Data excerpts:
%%
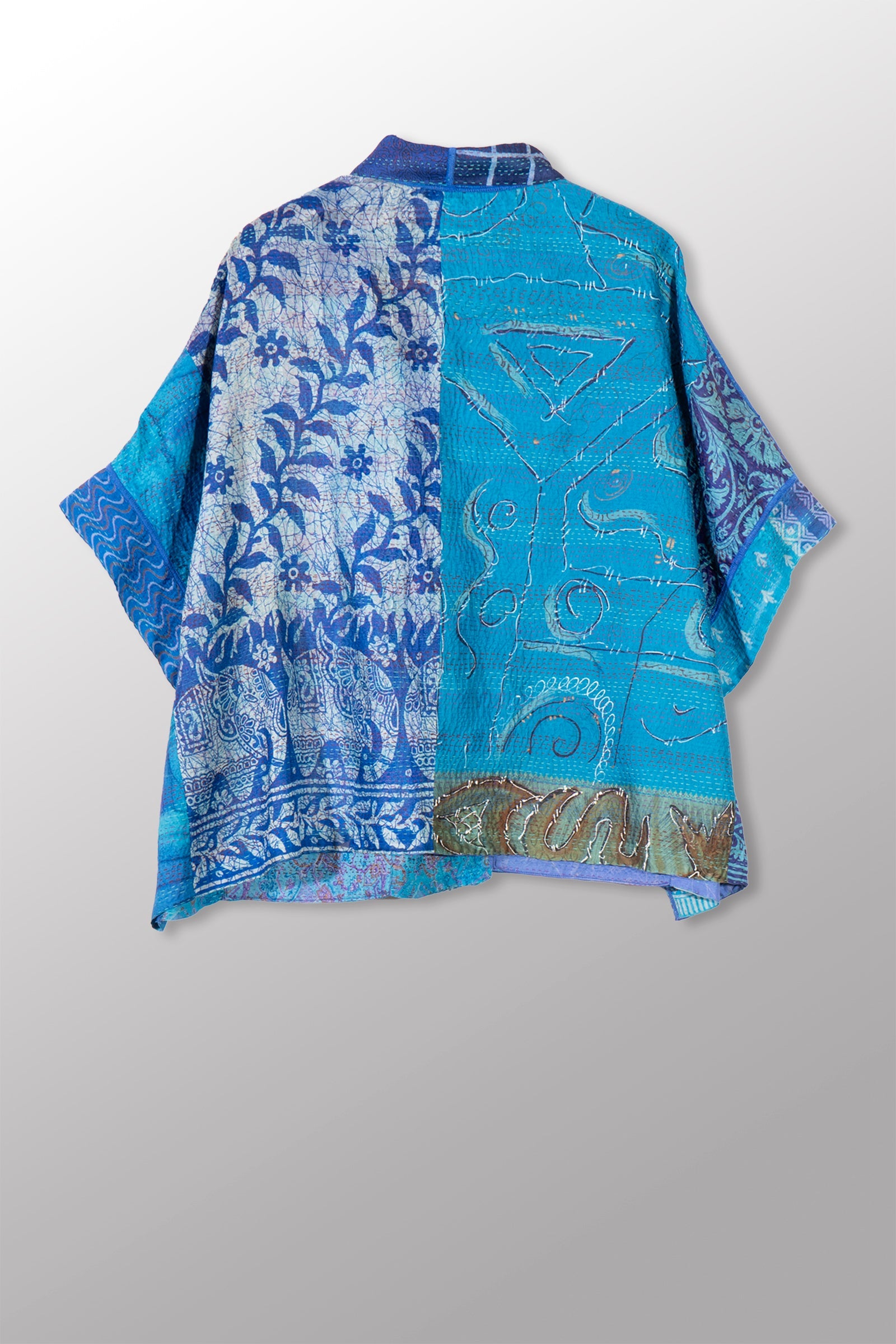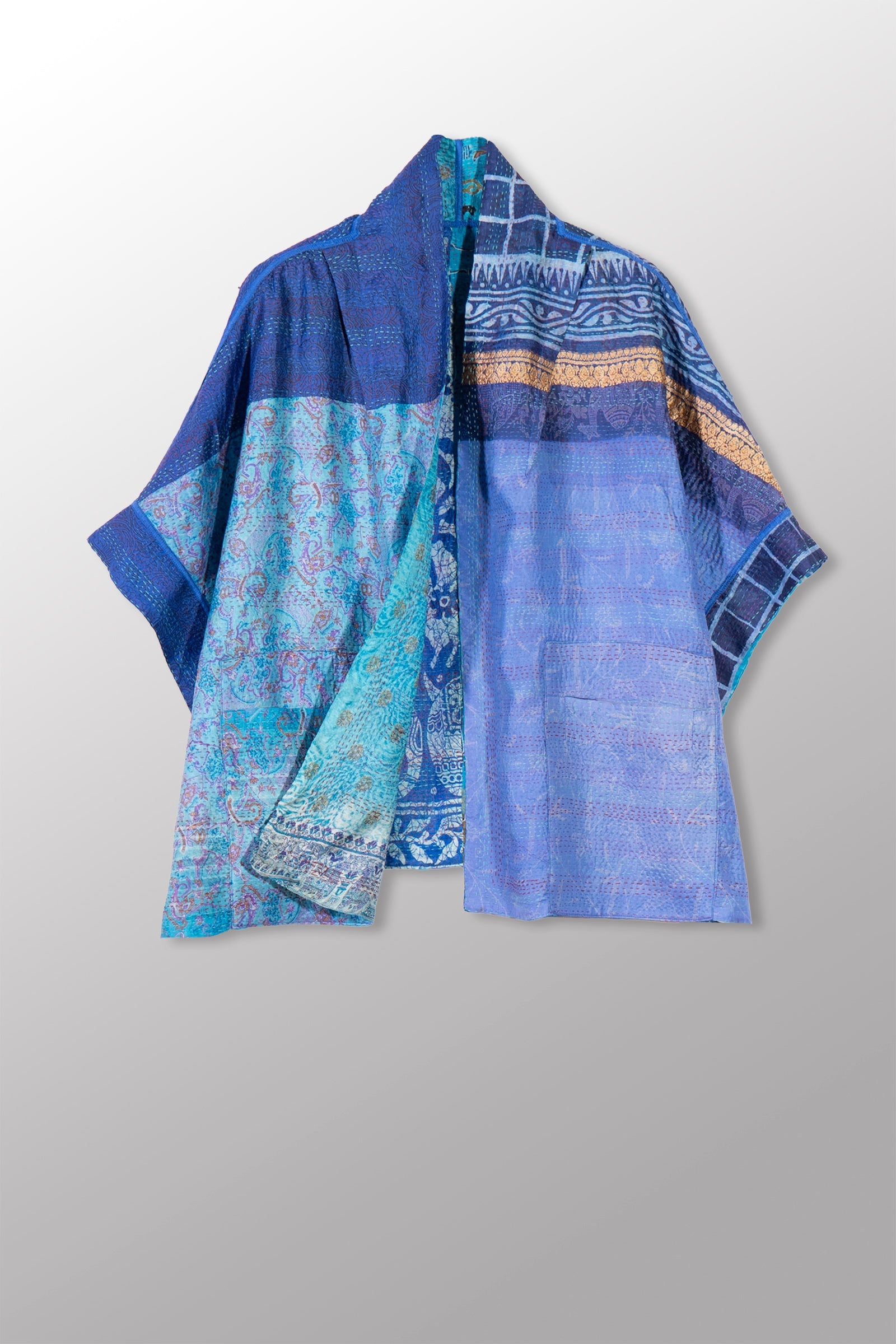 VINTAGE SILK KANTHA MINI PONCHO - sv2060-0010a -
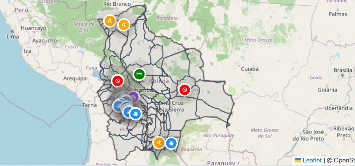 La Administradora Boliviana de Carreteras (ABC) informó que este lunes se reportan catorce puntos de bloqueo en carreteras, con mayor concentración en el departamento de Oruro.
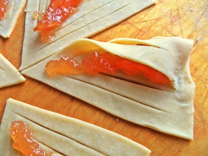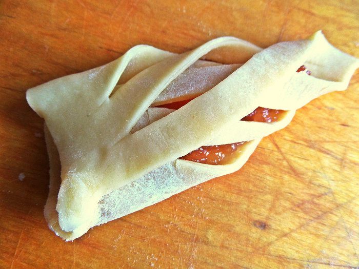 Накрываем нежное тесто с одной стороны, фиксируем пальцем.
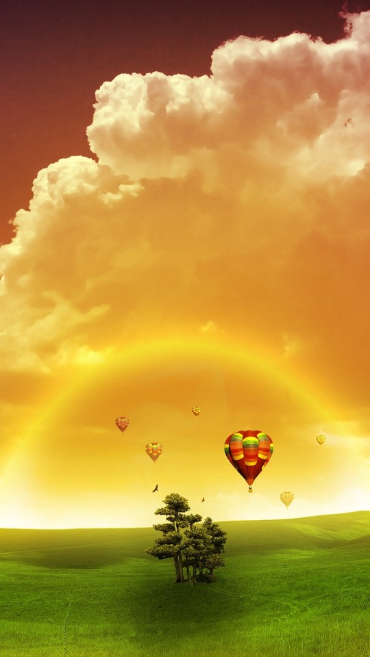 Желтое небо, закат, воздушный шар, 3Д, 3D, фэнтези - 540x960
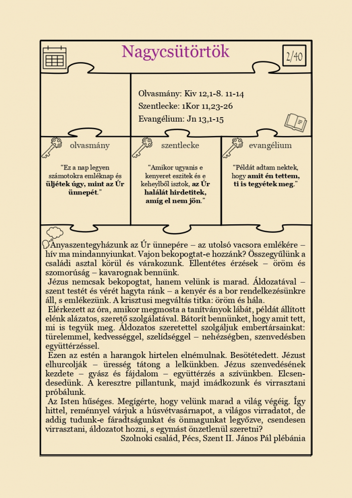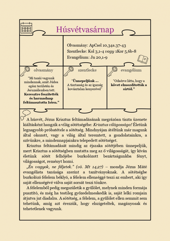 A 74 oldal terjedelmű kiadványban ezúttal is grafikai jelek igazítanak útba a napi szentmise szentírási szakaszai, egyházmegyénk lelkipásztorainak gondolatai, egyházközségeink családjainak rövid tanúságtételei és a napi imádságok között, melyek abban nyújtanak segítséget, hogy húsvétkor valóban megéljük a feltámadott Krisztussal való találkozás örömét.
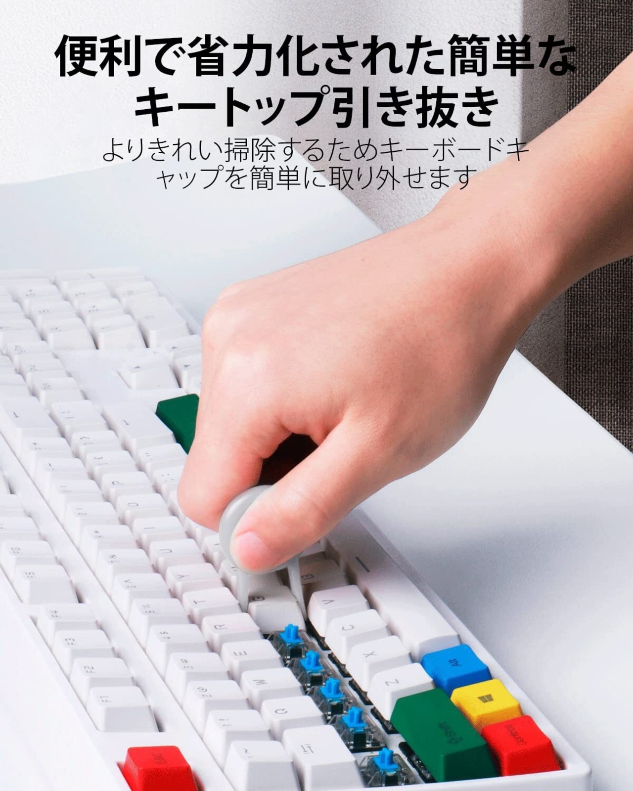 キーを引っ張るのが簡単:シンプルなキートップ引き抜き工具を使用すると、キートップの交換が面倒でなくなり、キートップの取り外しにより徹底的に掃除ができます。
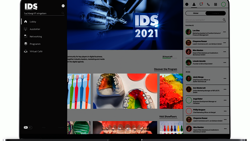 Auf der Hauptbühne („Main stage“) sollen sich die offizielle Eröffnung der Messe und die Beiträge von Verbänden am Bildschirm miterleben lassen – wie etwa das zentrale Event der Bundeszahnärztekammer, von der Initiative proDente (zum Beispiel Journalistenpreis 2021) oder von zahnärztlichen Hilfsorganisationen.
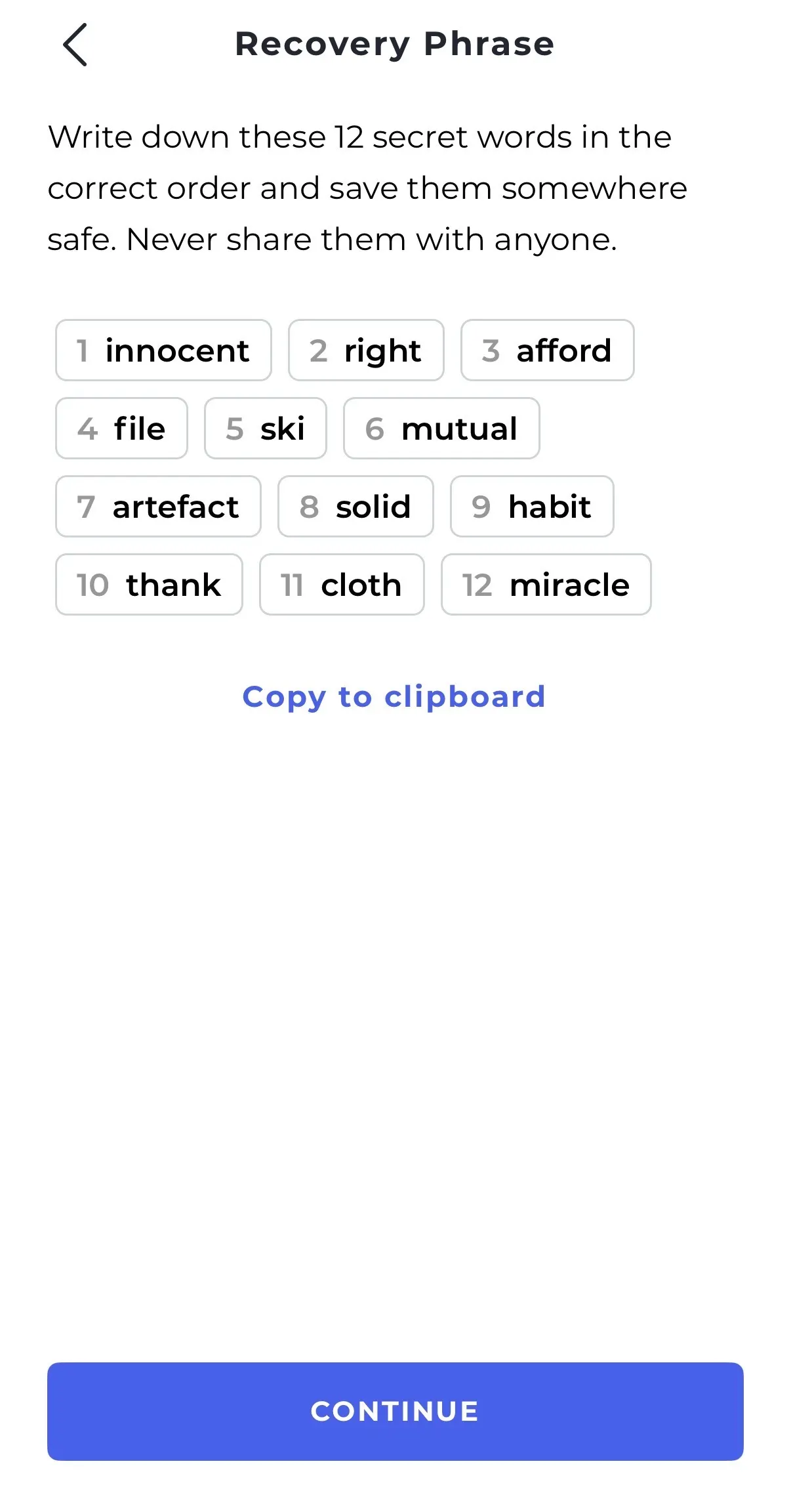*주의 : 비수탁이 내포하는 의미는 자산의 관리 주체는 나 자신이며 전통 금융에서 수탁의 역할을 하는 은행과 같은 주체가 없다는 것을 의미합니다. 이 복구 문구의 소유자가 곧 해당 월렛 안에 보관되어 있는 모든 자산에 대한 권리를 가지게 되는 것입니다. 따라서 분실 시 나를 대신해서 해당 자산을 복구해주는 주체가 없고 해당 지갑 안에 보관되어 있는 자산에 대한 통제권도 잃어버리게 됩니다. 전자기기에 사진 파일 형태로 저장하지 마시고 자신만이 아는 곳에 종이에 적어서 안전하게 보관하시기 바랍니다.
%%
What is needed is every record above, restated word for word, with the pictures left out.

 VINTAGE SILK KANTHA MINI PONCHO - sv2060-0010a -
 La Administradora Boliviana de Carreteras (ABC) informó que este lunes se reportan catorce puntos de bloqueo en carreteras, con mayor concentración en el departamento de Oruro.
 Накрываем нежное тесто с одной стороны, фиксируем пальцем.
 Желтое небо, закат, воздушный шар, 3Д, 3D, фэнтези - 540x960
 A 74 oldal terjedelmű kiadványban ezúttal is grafikai jelek igazítanak útba a napi szentmise szentírási szakaszai, egyházmegyénk lelkipásztorainak gondolatai, egyházközségeink családjainak rövid tanúságtételei és a napi imádságok között, melyek abban nyújtanak segítséget, hogy húsvétkor valóban megéljük a feltámadott Krisztussal való találkozás örömét.
 キーを引っ張るのが簡単:シンプルなキートップ引き抜き工具を使用すると、キートップの交換が面倒でなくなり、キートップの取り外しにより徹底的に掃除ができます。
 Auf der Hauptbühne („Main stage“) sollen sich die offizielle Eröffnung der Messe und die Beiträge von Verbänden am Bildschirm miterleben lassen – wie etwa das zentrale Event der Bundeszahnärztekammer, von der Initiative proDente (zum Beispiel Journalistenpreis 2021) oder von zahnärztlichen Hilfsorganisationen.
*주의 : 비수탁이 내포하는 의미는 자산의 관리 주체는 나 자신이며 전통 금융에서 수탁의 역할을 하는 은행과 같은 주체가 없다는 것을 의미합니다. 이 복구 문구의 소유자가 곧 해당 월렛 안에 보관되어 있는 모든 자산에 대한 권리를 가지게 되는 것입니다. 따라서 분실 시 나를 대신해서 해당 자산을 복구해주는 주체가 없고 해당 지갑 안에 보관되어 있는 자산에 대한 통제권도 잃어버리게 됩니다. 전자기기에 사진 파일 형태로 저장하지 마시고 자신만이 아는 곳에 종이에 적어서 안전하게 보관하시기 바랍니다.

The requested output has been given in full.